- Instructions for the task -
All pictures must be left out as you transcribe the lines from the first line of the data to the line containing "荣邀华南师范大学概率统计系博", both included.

-- Recorded data follows --

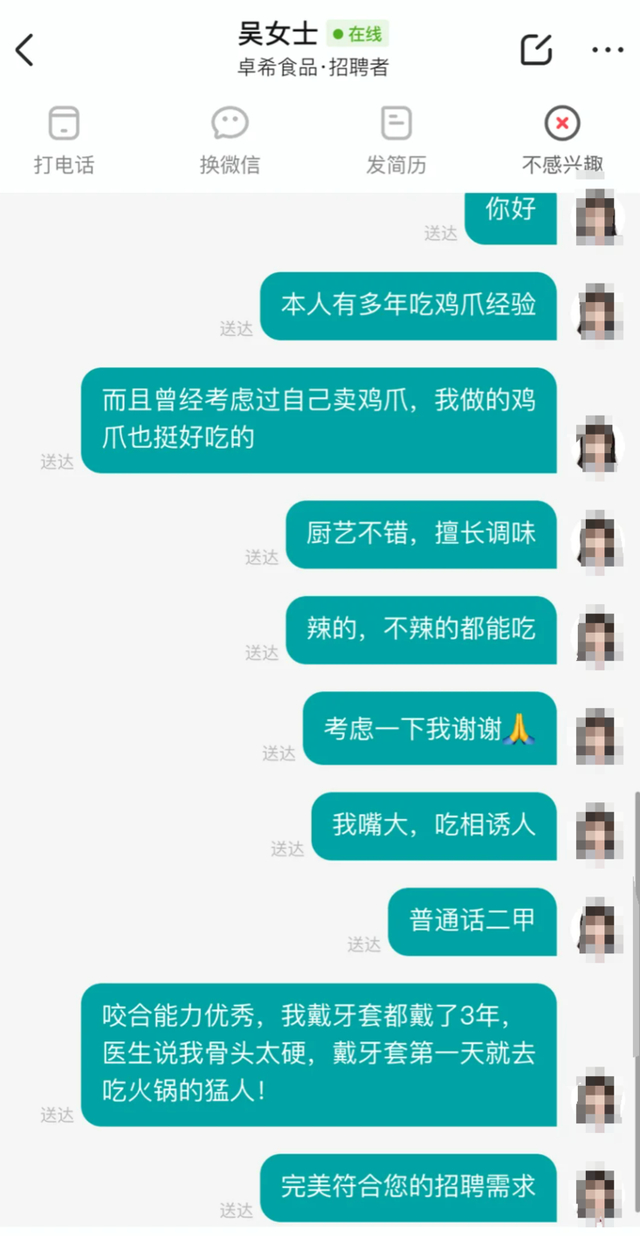 并且对于应聘者有下列几项条件满足可优先录取:在吃鸡爪的过程中能够清晰描述口感、味道,看完《舌尖上的中国》优先,普通话二级甲等以上,E人(社牛)优先,嘴大优先,吃相吸引人优先。
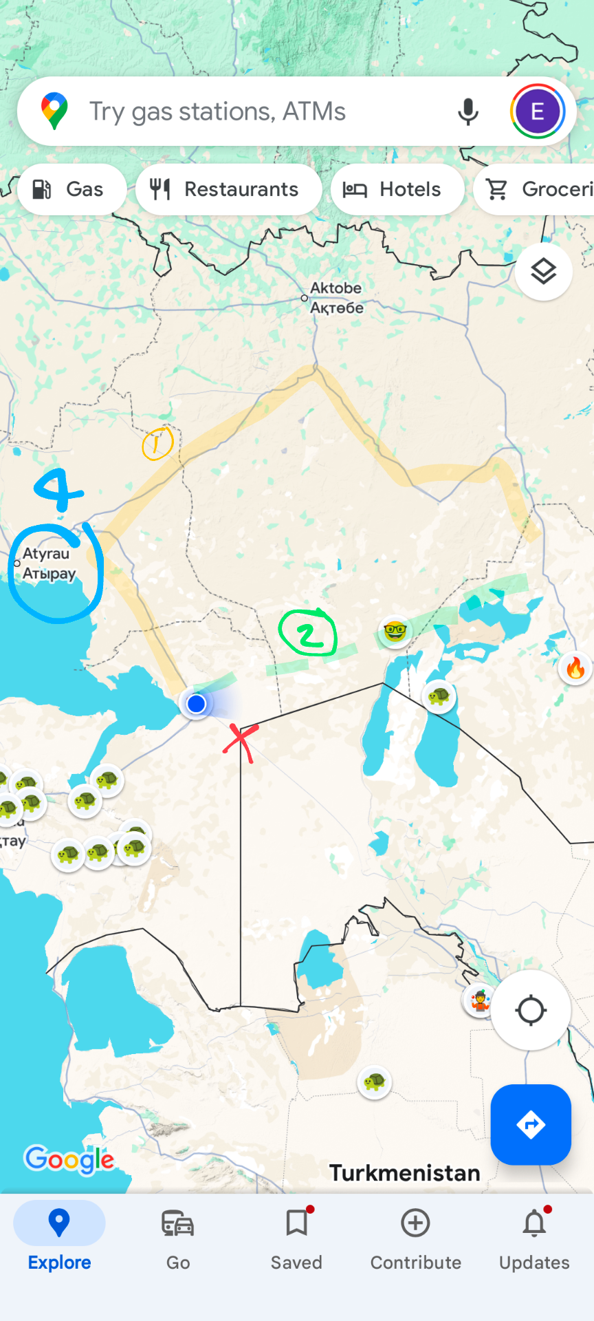 At that point it's 4pm, we're not ready for 600km of remote off-road, there's more faff and research to be done, so we plan to stay another night here . We go back to our hotel, the lady very reluctantly says that there's a room available (we are the only people at the hotel based on the completely empty carpark), but she sounds annoyed that this is going to cause her more work... so we try the next hotel, same type of response, so we try the 3rd... Same response, but didn't want to waste more time, so we annoy the lady at reception by booking in. She snatches Ben's passport off him, mumbles something and doesn't like that she doesn't know where my passport is from. A remarkably strange reception from 3 ladies in a row, when the general attitude to tourists etc. around Kazakhstan has been super positive. Strange.
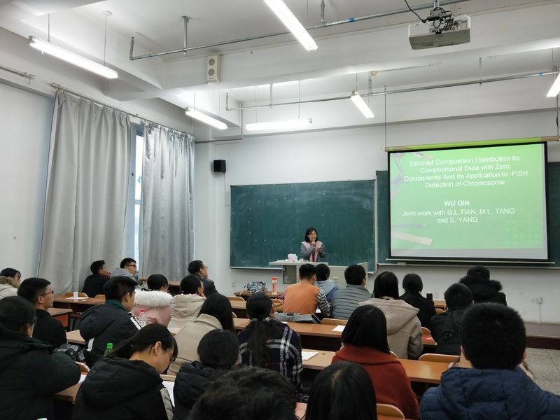 荣邀华南师范大学概率统计系博士吴琴莅临我院做学术报告。报告由学院副院长徐平峰主持,学院副院长王纯杰、学院部分老师、研究生、及本科生和其他学院师生参加了本次学术报告会。
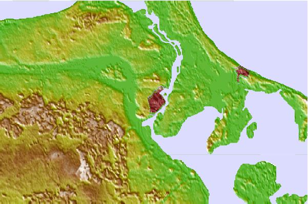 Use this relief map to navigate to tide stations, surf breaks and cities that are in the area of Wolgast.

-- Recorded data concluded --

- Result of this task -
 并且对于应聘者有下列几项条件满足可优先录取:在吃鸡爪的过程中能够清晰描述口感、味道,看完《舌尖上的中国》优先,普通话二级甲等以上,E人(社牛)优先,嘴大优先,吃相吸引人优先。
 At that point it's 4pm, we're not ready for 600km of remote off-road, there's more faff and research to be done, so we plan to stay another night here . We go back to our hotel, the lady very reluctantly says that there's a room available (we are the only people at the hotel based on the completely empty carpark), but she sounds annoyed that this is going to cause her more work... so we try the next hotel, same type of response, so we try the 3rd... Same response, but didn't want to waste more time, so we annoy the lady at reception by booking in. She snatches Ben's passport off him, mumbles something and doesn't like that she doesn't know where my passport is from. A remarkably strange reception from 3 ladies in a row, when the general attitude to tourists etc. around Kazakhstan has been super positive. Strange.
 荣邀华南师范大学概率统计系博士吴琴莅临我院做学术报告。报告由学院副院长徐平峰主持,学院副院长王纯杰、学院部分老师、研究生、及本科生和其他学院师生参加了本次学术报告会。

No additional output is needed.